(Stored data entries)
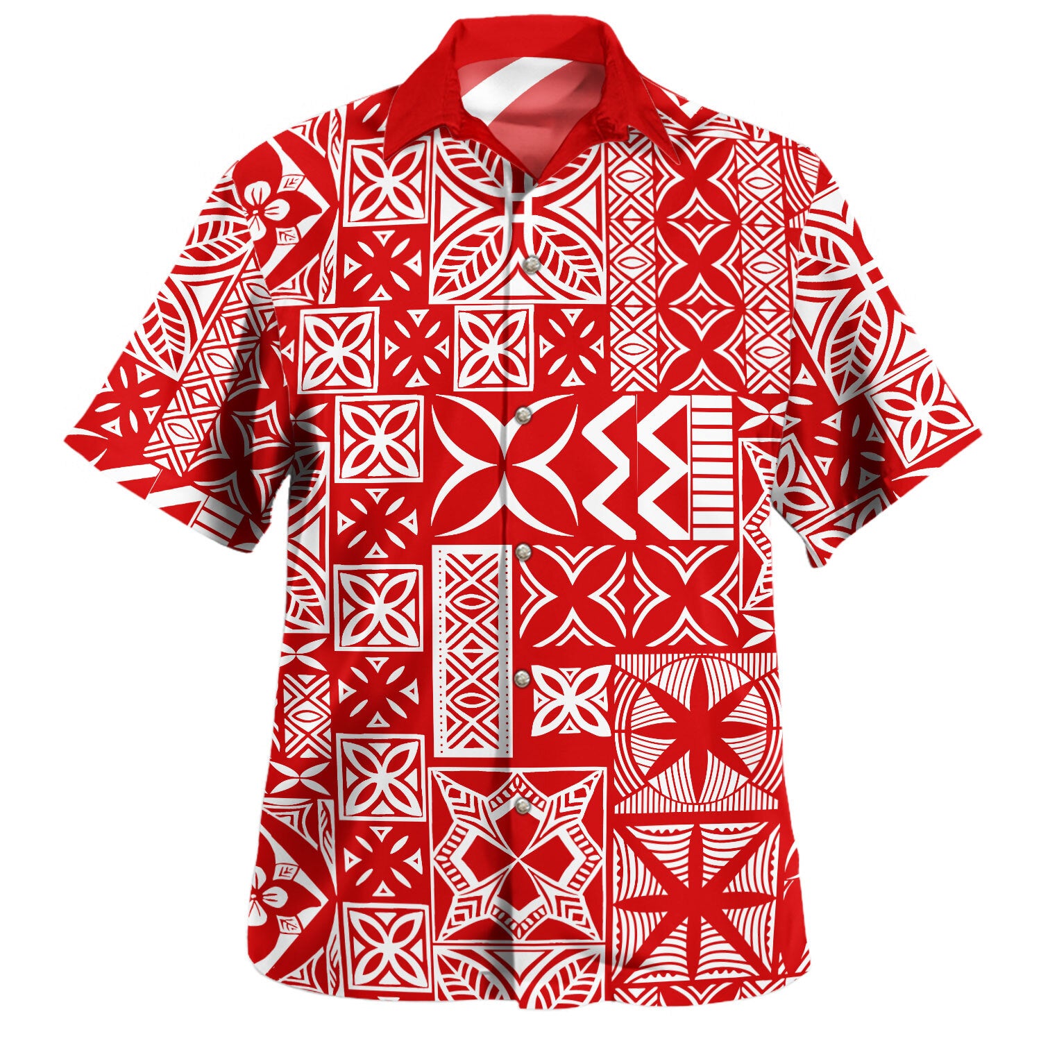 Samoa Combo Puletasi And Shirt Tapa Design Dobby Fabric Red
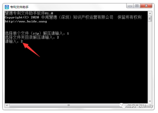 1、点击进入慧德专利文件助手,首页输入代码“2”按回车键
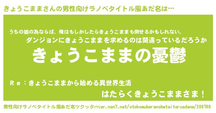 | 胡散臭い通販商品みたいなあだ名 | 『モテモテ間違いなし水晶球…その名も「きょうこまま」』 |
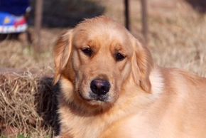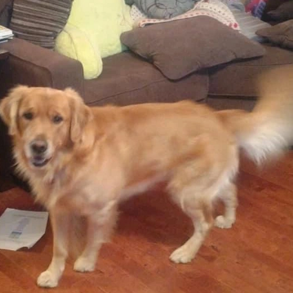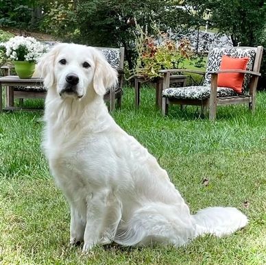 Finley is the epitome of a golden "Velcro" dog. He is light gold and always stays close to the family inside or out.
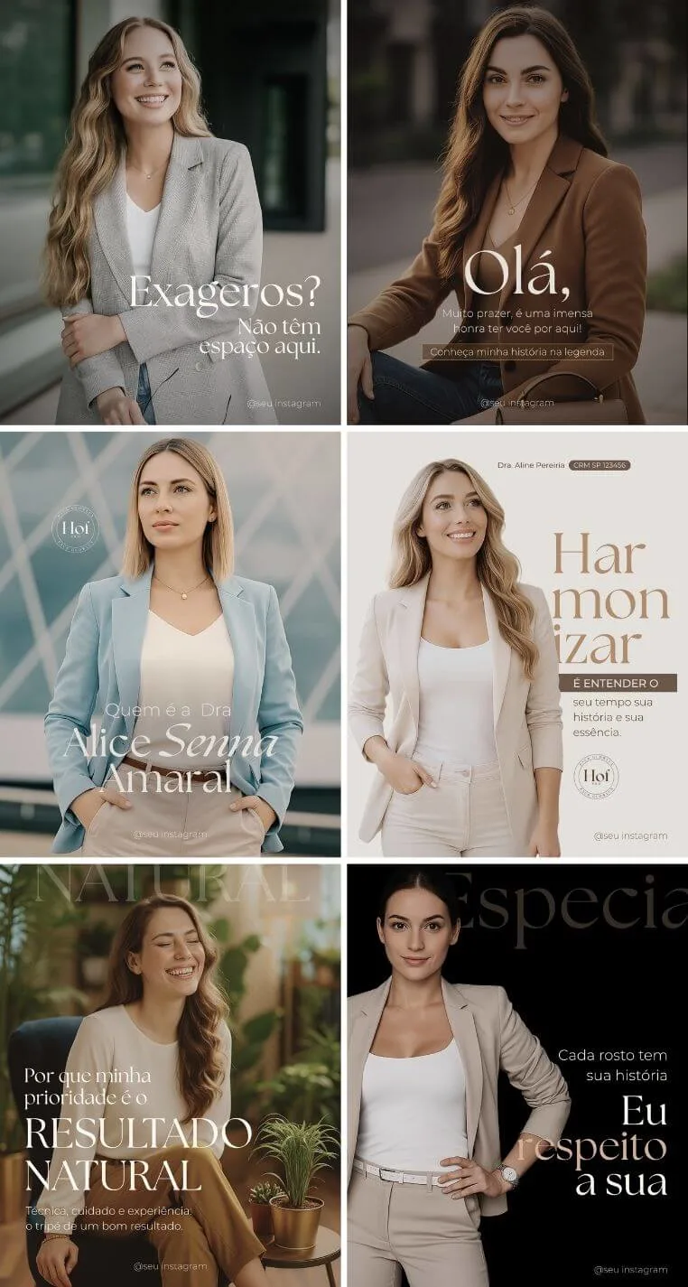 As artes já acompanham legendas pensadas para gerar conexão, despertar desejo e fortalecer sua autoridade com quem realmente importa: suas futuras pacientes.
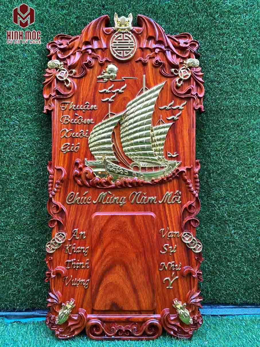 Lịch là bức tranh cầu chúc cho muôn sự tốt lành, may mắn. Với hình ảnh trọng tâm là đoàn thuyền no gió ra khơi. Đường đục sâu, sắc nét, dù sơn PU gỗ hương đá hay mạ vàng gỗ hương đỏ đều rất đẹp.
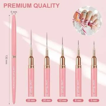 Show more Transform your nail art experience with this exceptional set of 5 Metal Nail Liner Brushes. Engineered with precision, this collection includes various sizes—5, 8, 12, 20, and 25mm—allowing you to execute intricate designs effortlessly. Whether you’re a professional nail technician or simply an enthusiast, these brushes are your perfect companions for creating stunning nail patterns in no time.
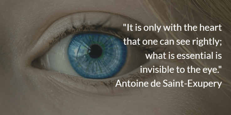 It is only with the heart that one can see rightly; what is essential is invisible to the eye.Antoine de Saint-Exupery
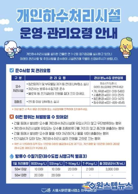 시는 개인하수처리시설의 전원 차단 여부와 송풍기 정상 작동 상태를 비롯해 방류수 수질 자가측정 이행 여부, 관리 기준 준수 여부를 점검한다. 또한 정화조와 오수처리시설의 연 1회 이상 내부 청소 이행 여부와 함께, 오수를 무단 방류하거나 비밀 배출구를 설치하는 등 불법 행위 여부도 중점적으로 살필 예정이다.

▶ **TO DO**
The required output is the exact lines from the opening line of the entries through the line with "Finley is the", inclusive, without pictures.

▶ **SOLUTION TO THE EXERCISE**
 Samoa Combo Puletasi And Shirt Tapa Design Dobby Fabric Red
 1、点击进入慧德专利文件助手,首页输入代码“2”按回车键
 | 胡散臭い通販商品みたいなあだ名 | 『モテモテ間違いなし水晶球…その名も「きょうこまま」』 |
 Finley is the epitome of a golden "Velcro" dog. He is light gold and always stays close to the family inside or out.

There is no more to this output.